Small and crude, but it's all in the cache and CPU registers;
void mybits(uint64_t x, unsigned char *idx)
{
unsigned char n = 0;
do {
if (x & 1) *(idx++) = n;
n++;
} while (x >>= 1); // If x is signed this will never end
*idx = (unsigned char) 255; // List Terminator
}
It's still 3 times faster to unroll the loop and produce an array of 64 true/false values (which isn't quite what's wanted)

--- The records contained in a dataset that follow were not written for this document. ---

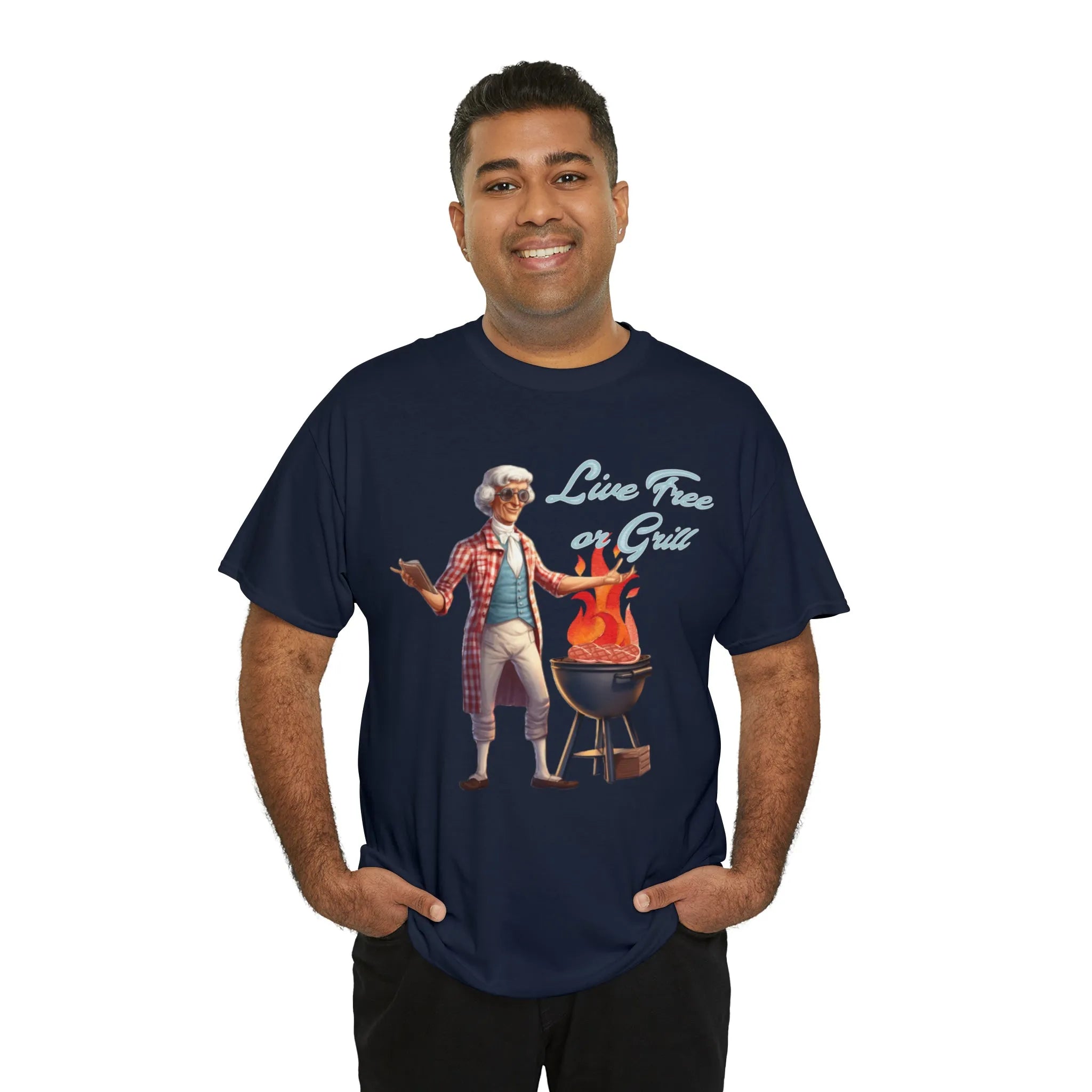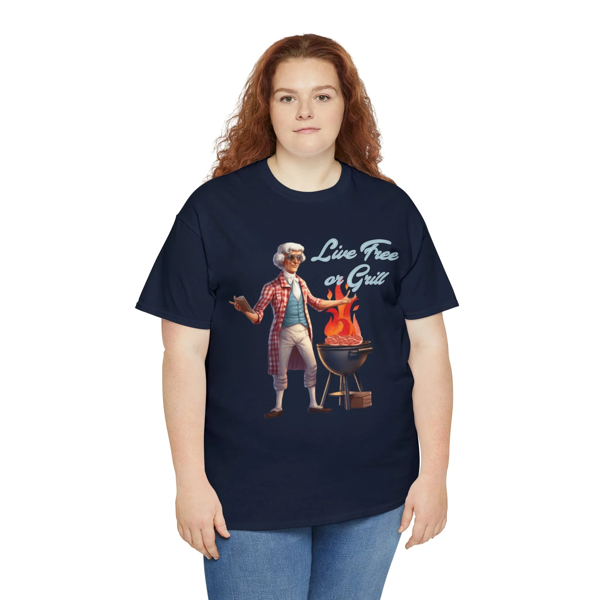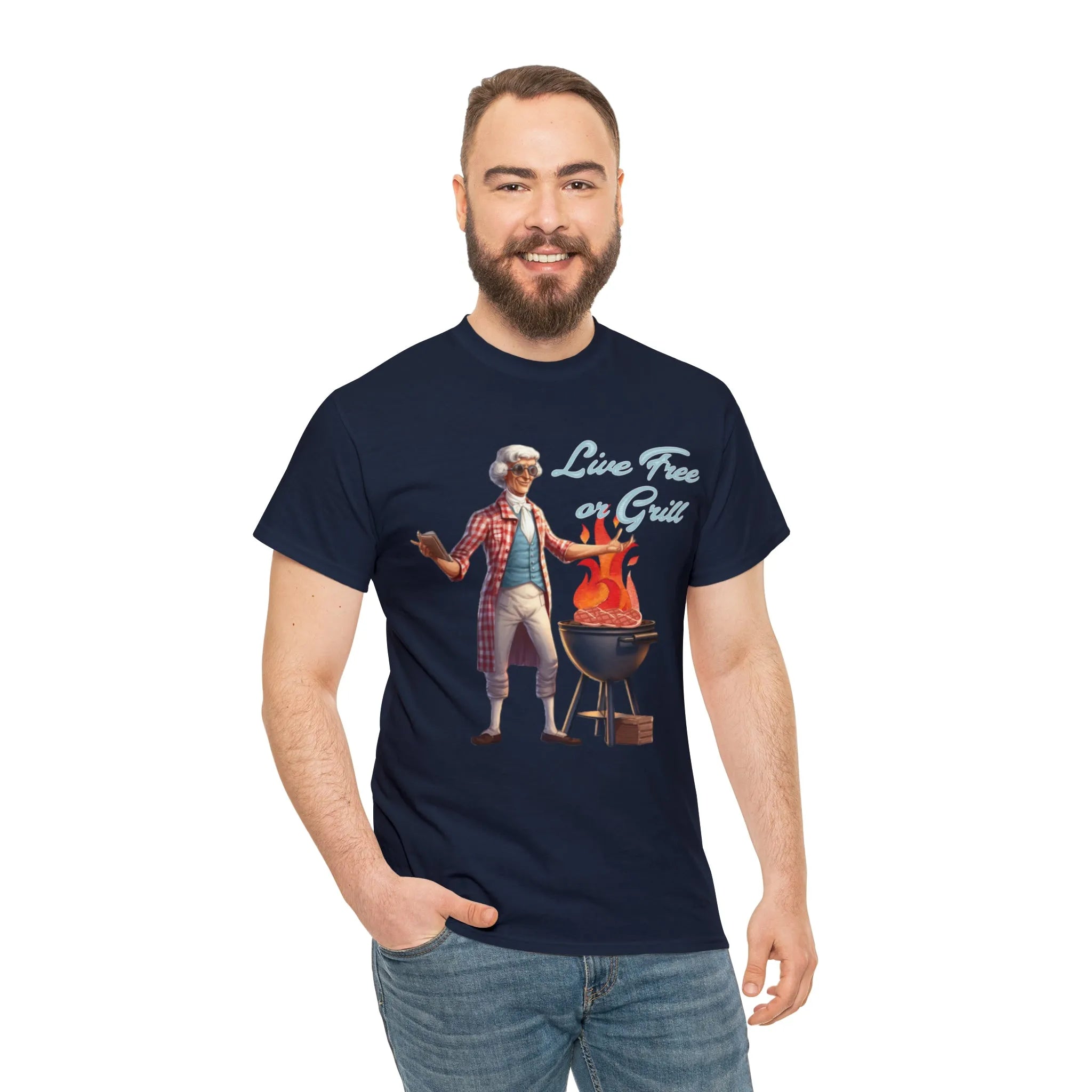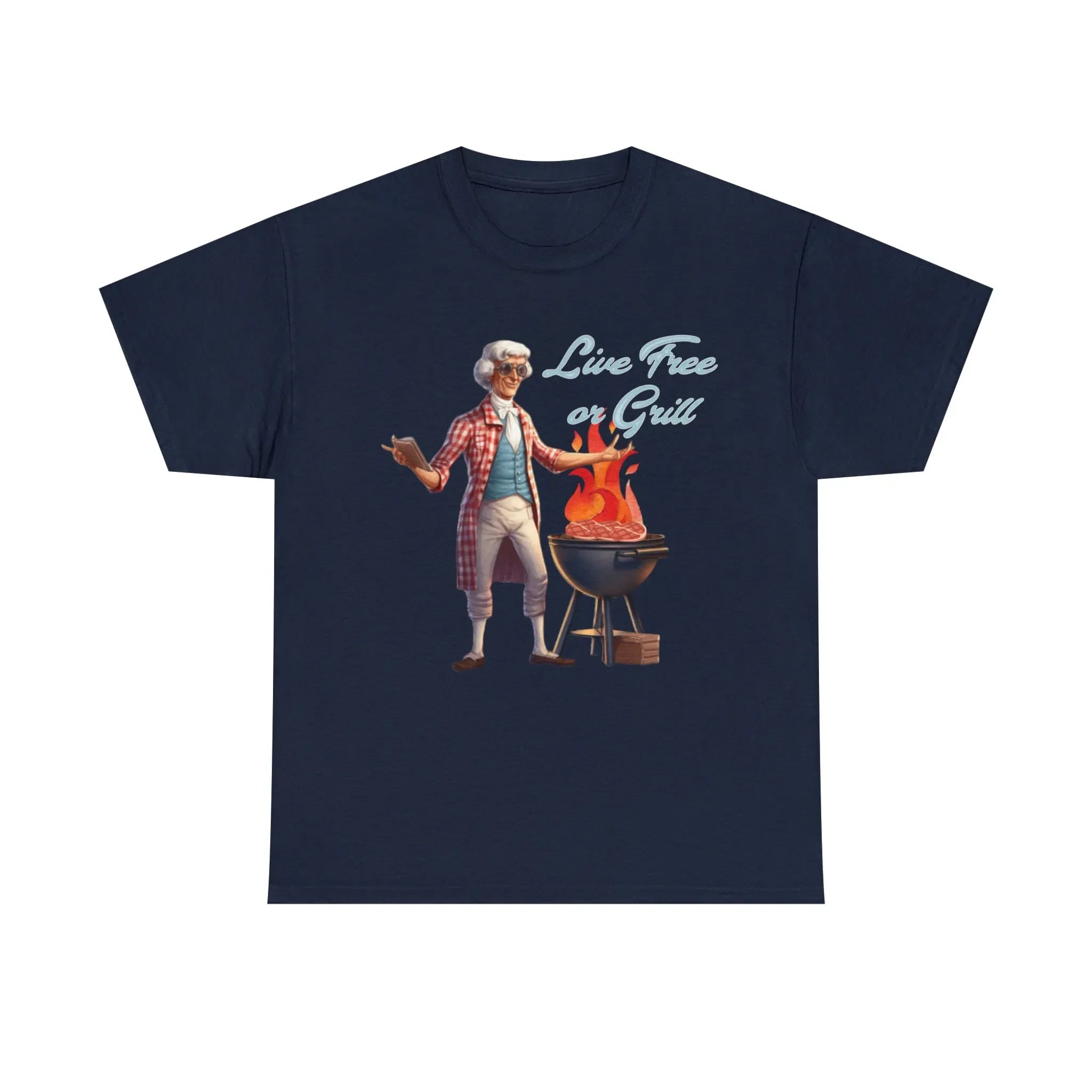 Thomas Jefferson Live Free or Grill Unisex Heavy Cotton Tee ‐ Navy / S
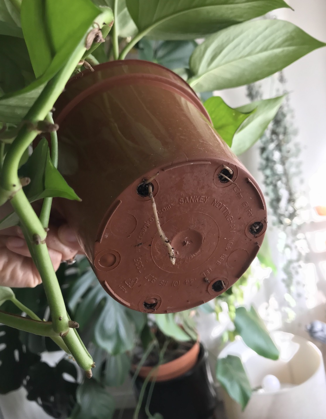 Compared to my other golden pothos, this plant is the furthest away (around 4 metres) from my south-east facing window + it still grows well — a testament to it’s easy-going nature. As with all plants, less light does equal slower growth but I haven’t had any small new leaves which can sometimes happen when light levels are diminished. As a result, this one hadn’t been repotted for a long time either + it had one weird root growing out of of the drainage hole so I thought it was about time to give it some TLC. I only went up one pot size as I prefer to keep my pothos quite snug in their pots which is something I’d advise — I just find they grow better this way! I use my houseplant potting mix for my pothos — a mix for houseplant compost, chunky orchid bark, perlite + horticultural grit.
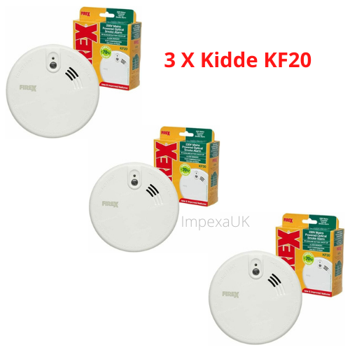 3 X Kidde Firex KF20 Optical Mains Powered Smoke Alarm 230V 9v Battery Backup
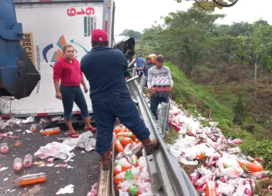 ¡Se llevaron todo! Rapiñan tráiler volcado con refrescos en Las Choapas
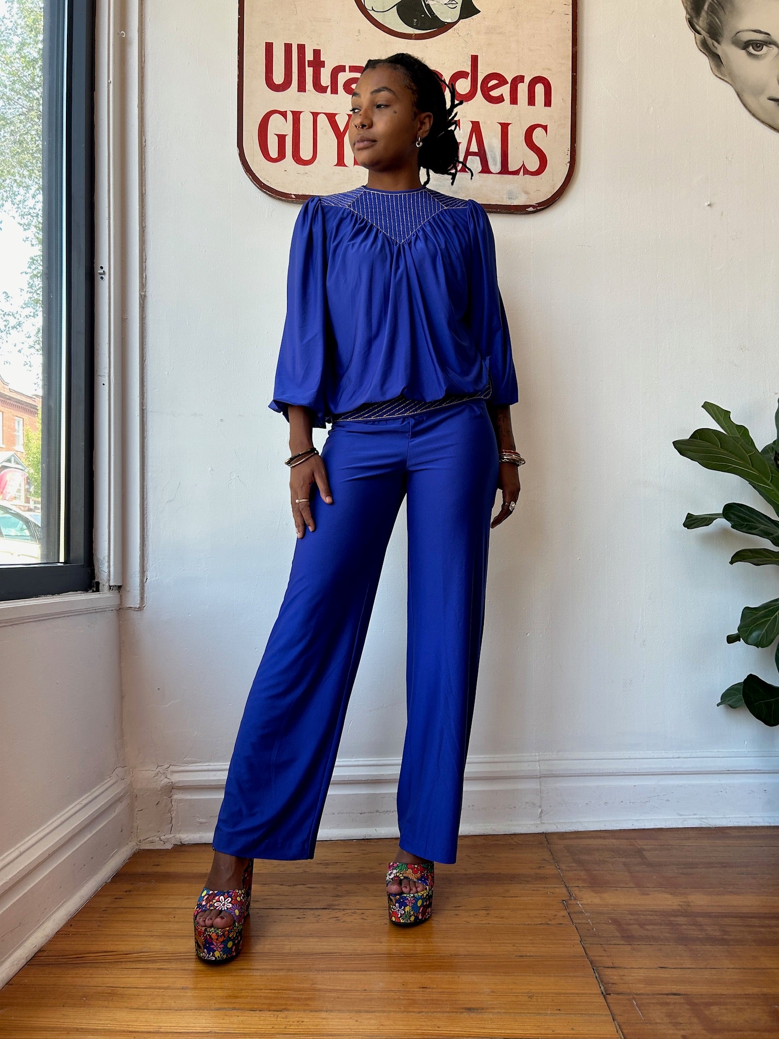 This set is a royal blue color with gold striped accents around the neckline, shoulders, and waistband. There are lots of gathers around the striped neckline, shoulders, and waistband. The overall look created is a drapey fit with slightly puffed shoulders. The cuffs are elasticized. The waistband fastens on the side with two cloth covered buttons and the neckline fastens in back with two cloth covered buttons. The pants have an elastic waistband and slightly wide legs.
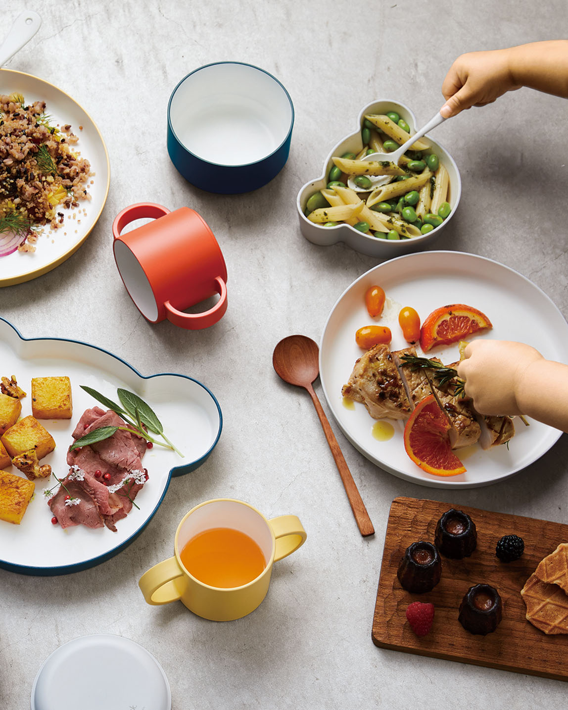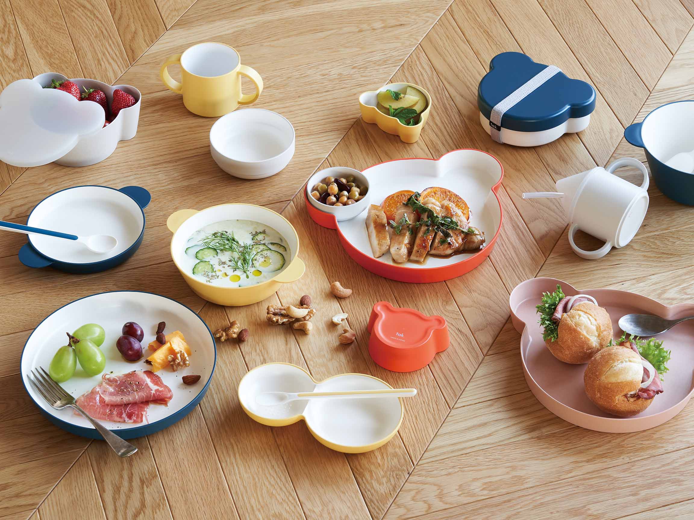 こどもだって大人と同じ、上質な食事を。なめらかな口元と手触り、スープをすくいやすいスプーン、ボウルとプレート。高度な技術で作られた食器で、食事の時間を笑顔で豊かに。
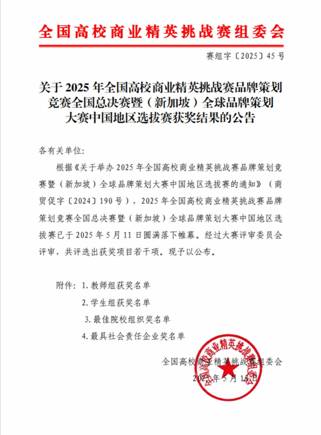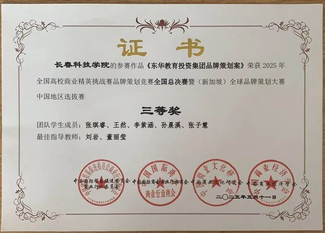 经过赛区的选拔,24级中药学专业学生张琪睿、王然、李紫涵、张子慧,24级康复治疗学学生孙晨溪的参赛项目《东华教育投资集团品牌策划案》荣获2025年全国高校商业精英挑战赛品牌策划竞赛全国总决赛暨(新加坡)全球品牌策划大赛中国地区选拔赛三等奖。

void mybits_3_2(uint64_t x, idx_type idx[])
{
#define SET(i) (idx[i] = (x & (1UL<<i)))
SET( 0);
SET( 1);
SET( 2);
SET( 3);
...
SET(63);
}
Here's some tight code, written for 1-byte (8-bits), but it should easily, obviously expand to 64-bits.
int main(void)
{
int x = 187;
int ans[8] = {-1,-1,-1,-1,-1,-1,-1,-1};
int idx = 0;
while (x)
{
switch (x & ~(x-1))
{
case 0x01: ans[idx++] = 0; break;
case 0x02: ans[idx++] = 1; break;
case 0x04: ans[idx++] = 2; break;
case 0x08: ans[idx++] = 3; break;
case 0x10: ans[idx++] = 4; break;
case 0x20: ans[idx++] = 5; break;
case 0x40: ans[idx++] = 6; break;
case 0x80: ans[idx++] = 7; break;
}
x &= x-1;
}
getchar();
return 0;
}
Output array should be:
ans = {0,1,3,4,5,7,-1,-1};
If I take "I need a fast way to get the position of all one bits in a 64-bit integer" literally...
I realise this is a few weeks old, however and out of curiosity, I remember way back in my assembly days with the CBM64 and Amiga using an arithmetic shift and then examining the carry flag - if it's set then the shifted bit was 1, if clear then it's zero
e.g. for an arithmetic shift left (examining from bit 64 to bit 0)....
pseudo code (ignore instruction mix etc errors and oversimplification...been a while):
move #64+1, counter
loop. ASL 64bitinteger
BCS carryset
decctr. dec counter
bne loop
exit
carryset.
//store #counter-1 (i.e. bit position) in datastruct indexed by counter
jmp decctr
...I hope you get the idea.
I've not used assembly since then but I'm wondering if we could use some C++ in-line assembly similar to the above to do something similar here. We could do the whole conversion in assembly (very few lines of code), building up an appropriate data structure. C++ could simply examine the answer.
If this is possible then I'd imagine it to be pretty fast.
A simple solution, but perhaps not the fastest, depending on the times of the log and pow functions:
#include<math.h>
void getSetBits(unsigned long num){
int bit;
while(num){
bit = log2(num);
num -= pow(2, bit);
printf("%i\n", bit); // use bit number
}
}
Complexity O(D) | D is the number of set bits.